Personal information
- Years active: 1986–1995

Sport
- Sport: Rowing
- Club: Bendigo Rowing Club MUBC

Achievements and titles
- National finals: Victoria Cup 1991-95

Medal record
Women's rowing
Representing Australia
World Rowing Championships
| Gold medal – first place | 1992 Montreal | LW4- |

= Deirdre Fraser =

Australian rower

Deirdre Fraser is an Australian former World Champion lightweight rower.

==Club and state rowing==
Fraser took up rowing in 1986 at the Bendigo Rowing Club and rowed for that club until 1990. When she began to represent at state and national level from 1991 she raced for the Melbourne University Boat Club.

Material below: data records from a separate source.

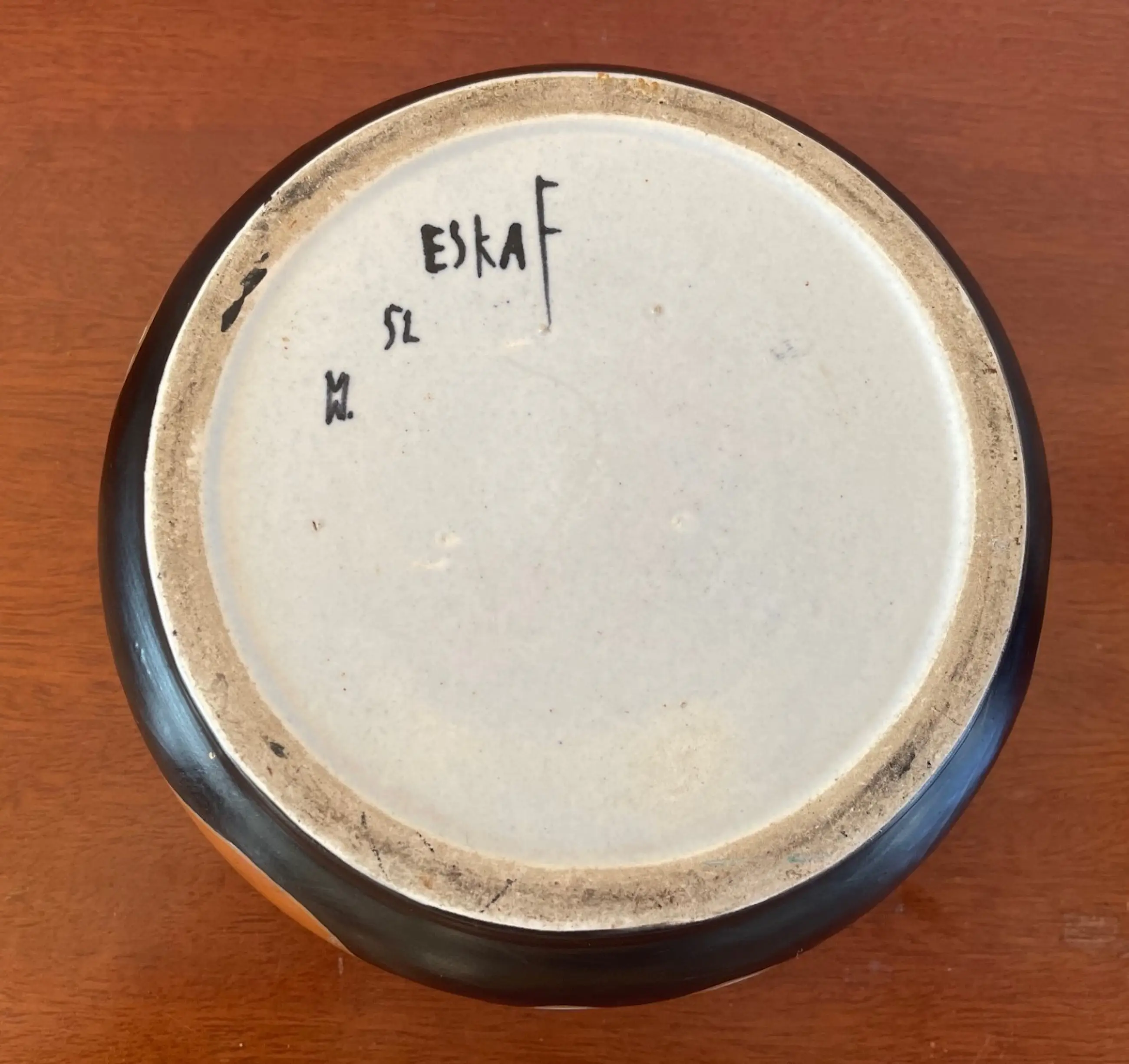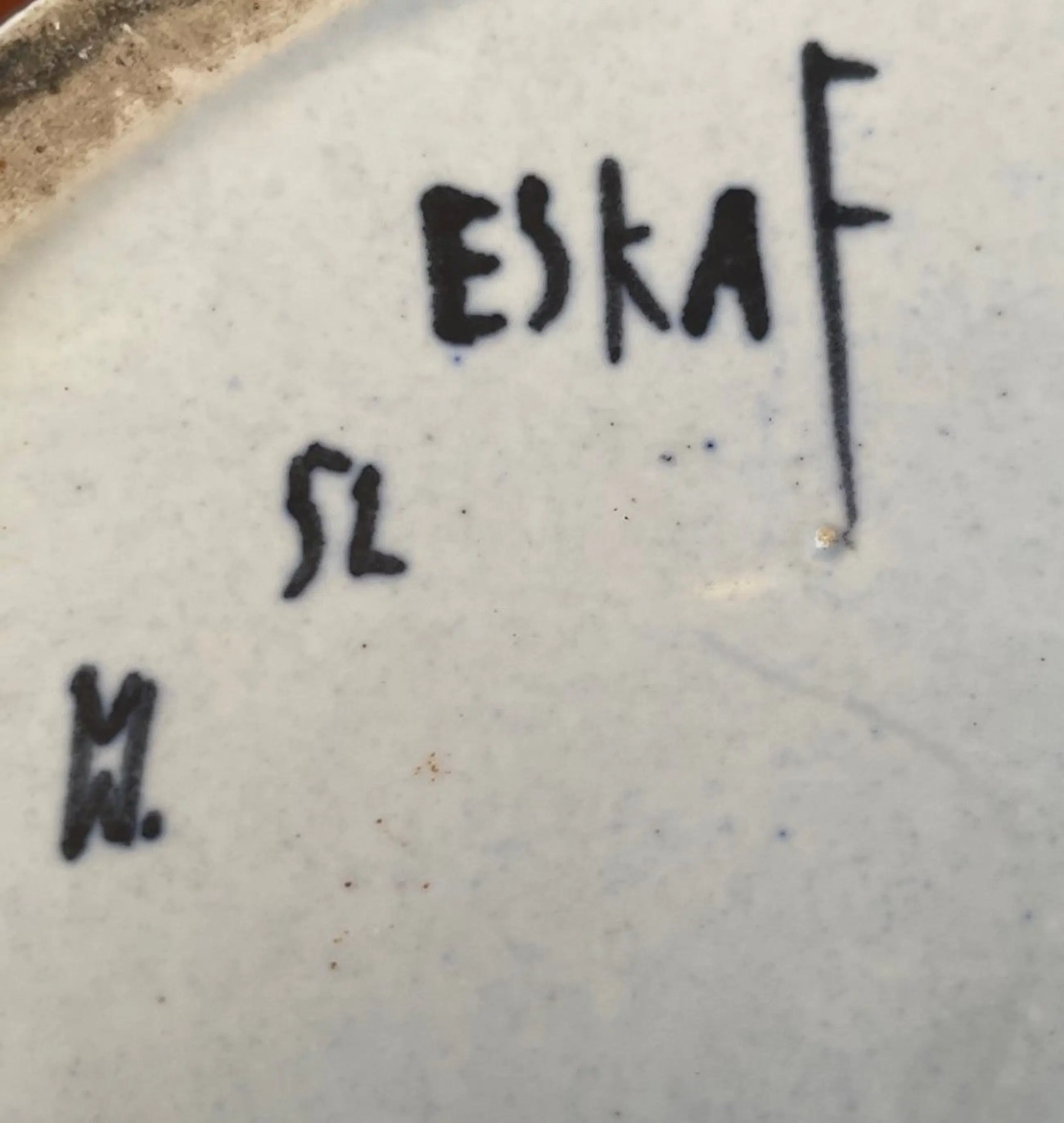 - Aan de onderkant is de Jardiniere als volgt gemerkt, handgeschreven in het zwart: ESKAF, nr 52 en een signatuur of monogram van een onbekende decorateur.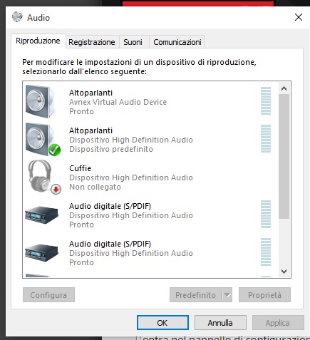 Ho fatto quanto mi hai suggerito ma già era impostata la scheda audio del pc come default (vedi figura).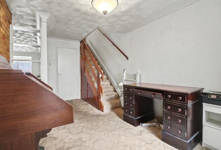 The generous entrance hall has stairs to the first floor and flows through to the spacious lounge, which is open plan to the dining room which has a window to the side and patio doors leading out to the rear garden.
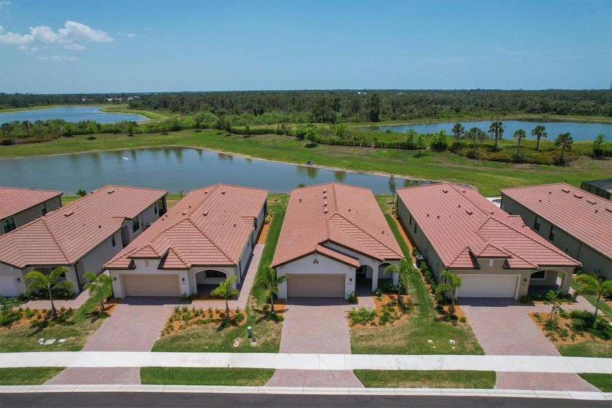 This home just built in 2022 and now available for quick move in. The popular MILAN floor plan 2BD/2BA/DEN/2CG with LAKE AND GREENSCAPE VIEWS, NO HOUSES BEHIND YOU!!! PLENTY OF ROOM TO ADD YOUR OWN PRIVATE POOL!! Open floor plan with tons of windows and light- bright and sunny with SOUTHWEST...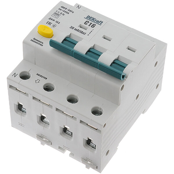 Отзывы на Выключатель автоматический дифференциального тока 4п (3P+N) C 16А 30мА тип AC 6кА ДИФ-103 DEKraft 16213DEK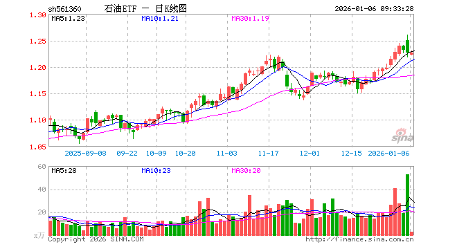 1月6日,石油ETF(561360)开盘跌0.33%,报1.223元。石油ETF(561360)重仓股方面,中国海油开盘涨0.00%,中国石油跌0.20%,中国石化涨0.16%,杰瑞股份涨3.12%,招商轮船跌0.67%,广汇能源跌0.20%,中远海能跌0.43%,恒力石化跌0.14%,招商南油涨0.00%,海油工程涨0.18%。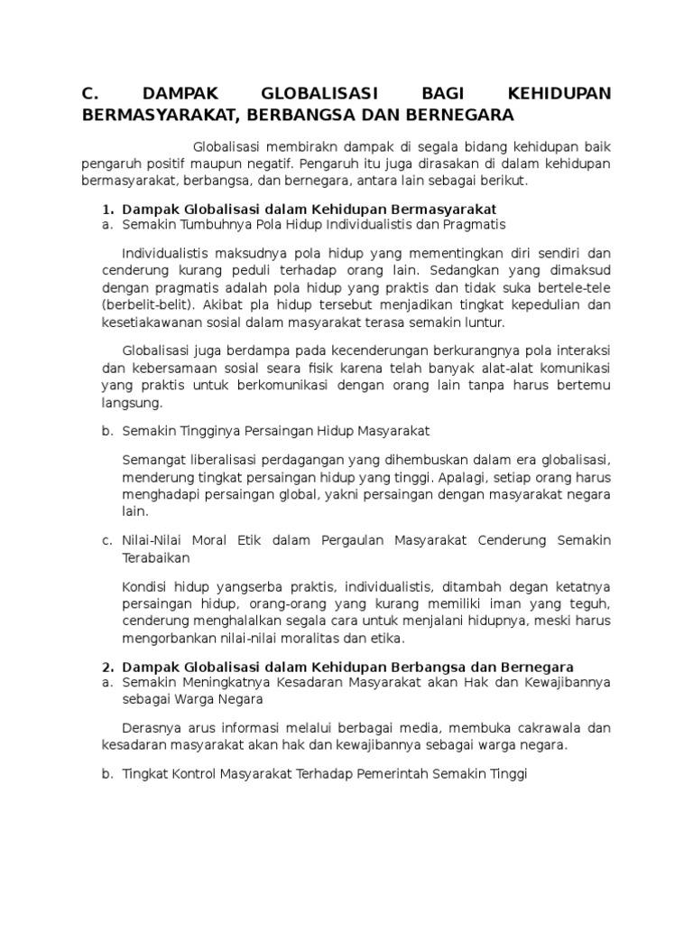 Dampak Globalisasi Bagi Kehidupan Bermasyarakat Berbangsa Dan Bernegara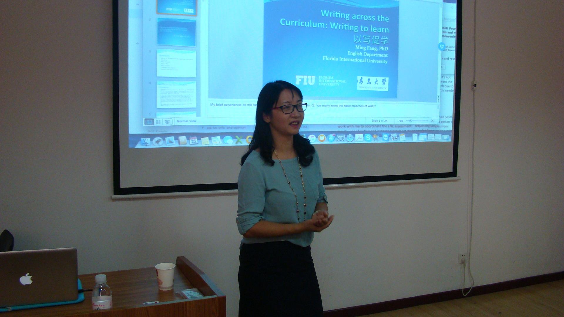此外,方明博士还为我院师生做了题为“Writing Across Curriculum : Writing to Learn 以写促学”的专题学术讲座,介绍美国大学课程学习中写作的重要性和教学实践中以写促学的理念,并通过展示各类学科以写促学习的实例,探讨以写促学的意义、具体方法及挑战。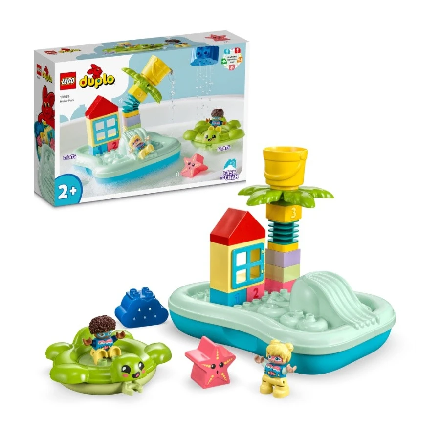 Hledáte tu nejlepší hračku do koupele pro malé děti od 2 let? Hračka LEGO® DUPLO® Město 10989 Aquapark promění koupání na zábavné učení, kdy děti prozkoumávají tento barevný aquapark. Současně seznamuje malé plaváčky s čísly a rozvíjí jejich schopnost nalévat vodu. Tuto stavebnici také snadno očistíte a uložíte. Interaktivní hračka pro nápadité hraní Tato vzdělávací hračka obsahuje ohýbací palmu, kterou mohou děti nechat růst pomocí kostek s čísly 1-2-3. Děti naplní kyblík na stromě vodou a pocákají figurku dítěte. Můžou figurku nechat sklouznout po vodní skluzavce a vylétnout až na nafukovací želvičku. Po naplnění mráčku vodou děti spustí déšť na všechny zábavné prvky. Praktický design, který si rodiče zamilují Hračky do koupele LEGO DUPLO jsou navrženy tak, aby se mohli rodiče spolu s dětmi vydat na cestu radostným objevováním. A po koupání mohou dospělí tento plovoucí kruh otevřít a snadno osušit, aby hračka zůstala hygienicky čistá.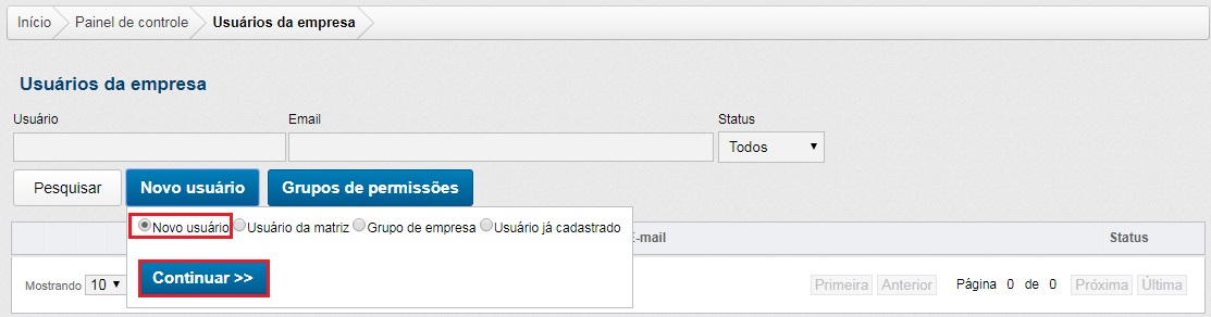 – Novo usuário: será a opção padrão, onde o parceiro poderá cadastrar um novo usuário normalmente, selecionando a opção ‘Novo usuário’ e clicando no botão ‘Continuar’, como demonstra a imagem abaixo.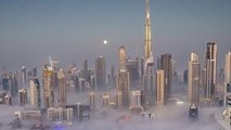 The visual captured clouds slowly drifting over buildings, creating a calm and soothing scene that was pleasing to watch.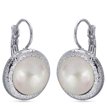 Изготовлено из ювелирного сплава на основе латуни с гальваническим покрытием родием. Изделие украшает майорский жемчуг белого цвета диаметром 12мм. Французский замок. Длина 2.5см.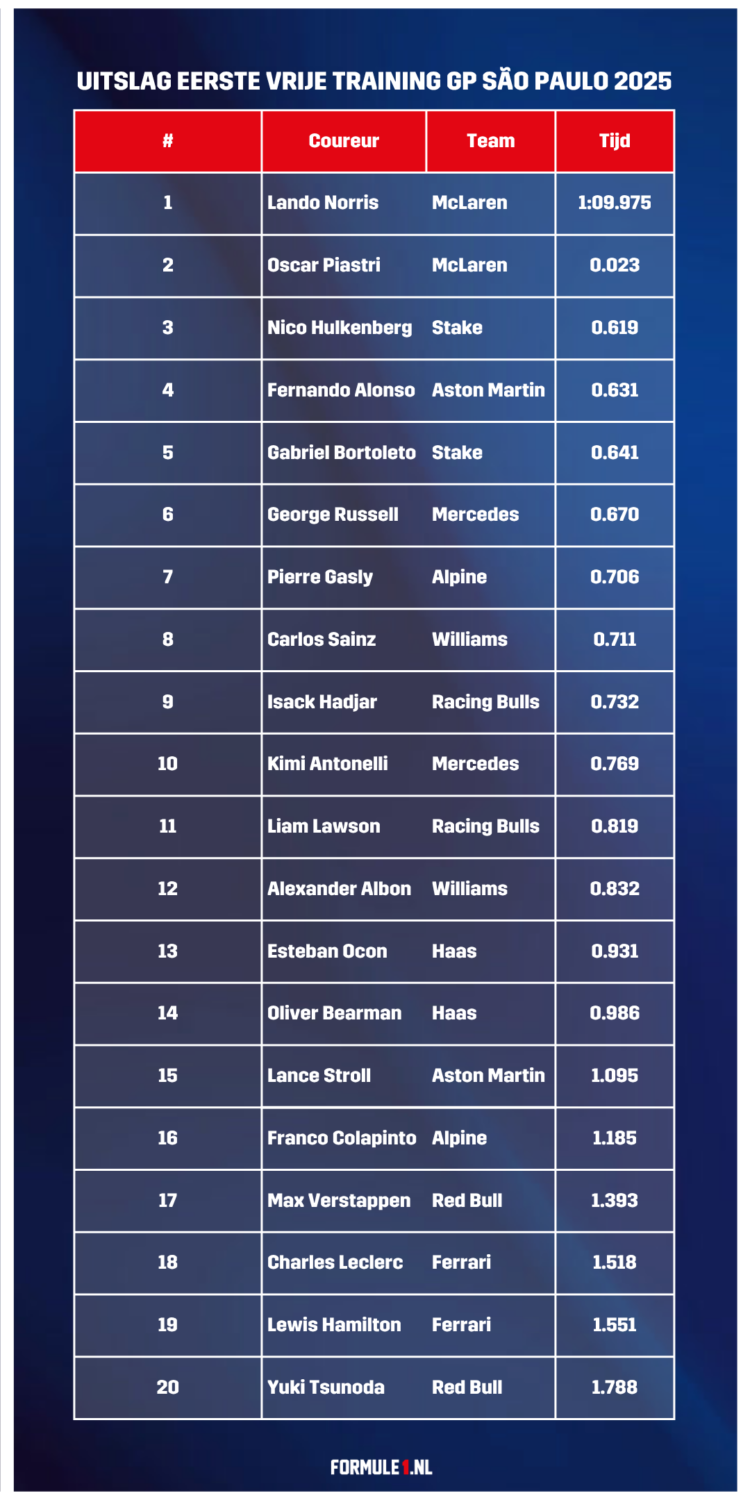Lando Norris is de snelste deze sessie! Oscar Piastri noteert de tweede tijd en Nico Hülkenberg maakt de top drie compleet. Max Verstappen rijdt deze sessie met een andere strategie en noteert zijn snelste rondetijd op de harde band. De Nederlander eindigt op P17. Bekijk hieronder de volledige uitslag van de eerste vrije training tijdens de GP van São Paulo 2025.

On four occasions from 1991 to 1995 she represented Victoria, racing for the Women's Lightweight Four Championship (the Victoria Cup) at the Australian Rowing Championships. Her crews won the championship in 1991, 1992 and 1993.

==National representative rowing==
Fraser was first selected to represent Australia, for the 1991 World Rowing Championships in Vienna in the lightweight four. That crew placed fifth. The following year Fraser saw world championship success at the 1992 World Rowing Championships in Montreal, Canada, when she won the world championship in the lightweight four, with Virginia Lee, Marina Cade, and Liz Moller. That same crew were selected for Račice 1993 to attempt to defend their title – they placed fourth.

Fraser retired from competitive rowing in 1995. She was general manager of Rowing Victoria from 1995 to 1999.